Amazon.com plans to deliver packages to customers using unmanned aerial vehicles in 30 minutes or less.

“It looks like science fiction, but it’s real,” Amazon said on its website. Its Prime Air service, powered by drones, will be ready from a technology point of view to enter commercial operations as soon as the necessary regulations are in place, it said. The company’s research and development team is already working on the new delivery method.

Amazon’s plans, however, will depend on rules for civilian unmanned aircraft from the US Federal Aviation Administration, which it expects by 2015. “We will be ready at that time,” it added.

The FAA indicated last month that the development and implementation of operational and certification requirements for the operation of public unmanned aircraft systems in the national airspace system is planned for not later than 31 December 2015. It recently released a roadmap for the integration of civil unmanned aircraft systems in the national airspace.

The Amazon drones will be able to deliver 2.3kg packages, which account for about 86% of items delivered by the company, CEO Jeff Bezos said in an interview on CBS TV news show 60 Minutes. The electric-powered drones will be able to deliver packages within a 10-mile radius from a company fulfillment center, he said. The drones follow instructions based on GPS coordinates of the delivery location, Bezos said.

Putting Prime Air into commercial use will take some number of years as the company advances the technology and waits for the necessary FAA rules and regulations, the company said on its website. But “one day, Prime Air vehicles will be as normal as seeing mail trucks on the road today,” the company said.

The vehicles will be built with multiple redundancies and designed to commercial aviation standards, Amazon said.

The online retailer was the most visited retail property during the Black Friday holiday shopping in the US last week, followed by eBay and Walmart, according to digital measurement and analytics firm comScore.
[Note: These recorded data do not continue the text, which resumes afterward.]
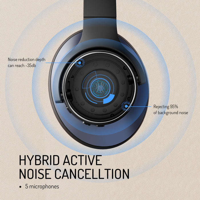 Oneodio A-serien - Bluetooth 5.0 Aktiv støjreducerende trådløse hovedtelefoner - Indbygget mikrofon, Type C opladnings- og bæretaske
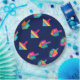Happy Hanukkah Party Jewish Holiday decorative Dreidel. Hanukkah spinning top. Jewish Holiday Chanukahs Decoration with traditional Chanukah decorative toys, Hebrew letters - Navy Blue color, colorful dreidels Chanukah wooden toys (spinning top), star of David and neon blue glowing lights illustration. Hanukkah Festival of lights Event Decoration. Jerusalem, Israel. Crafts & Party Supplies > Party Supplies > Tableware > Paper & Party Plates Judaica Modern Design. For a festive Hanukkah 2025 table setting.
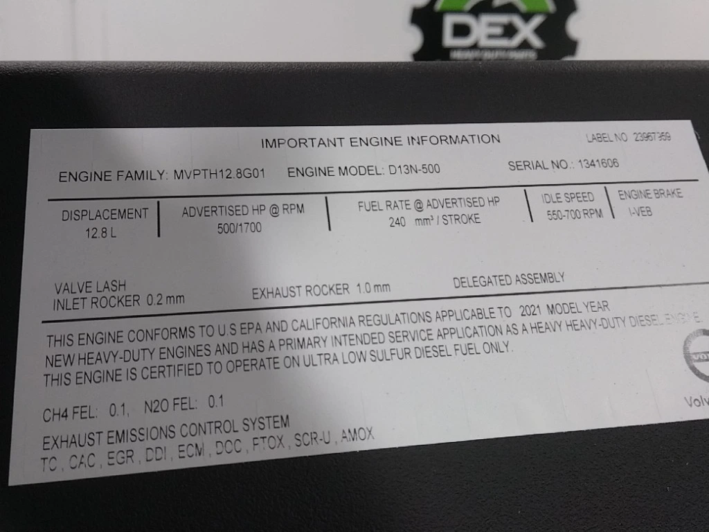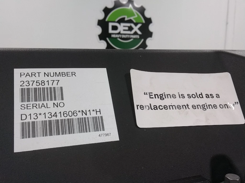 Surplus A: Surplus A New, never installed complete Volvo D13N US21 engine, OBD20 / OBD21, "Spare part engine", Engine is sold as a replacement engine only and should be used for replacement of like engine, EBR-VEB7, engine family LVPTH12.8G01, serial 1341606, CS43B-O, EXCH: 85022807 BASE: 85022811, Engine is new and was never installed in a chassis, core p/n 85028807
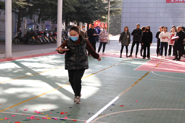 活動還未開始,女職工們已經躍躍欲試,隨著裁判的哨聲響起,接力賽的第一棒選手像是腳踩風火輪,跑到接力點,費力地踩著腳上的氣球,“加油,快向左踩!”“踩右邊!右邊!”“噢!贏了贏了!”在第一個踩氣球環(huán)節(jié)中,氣球啪啪如爆竹聲般清脆,雖然有的遲遲踩不到氣球,但是她們還是堅持到了最后,整個比賽現場氣氛熱烈,充滿激情,吶喊聲、歡笑聲響成一片。

Amazon has been adding new programs to speed up delivery of packages to customers. The company announced last month that it tied with the US Postal Service to deliver packages on Sundays to its customers. The company said it would start the service in Los Angeles and New York, with plans to roll out to “a large portion” of the US population by 2014. In 2009, it introduced a same-day delivery service, called Local Express Delivery, for select locations.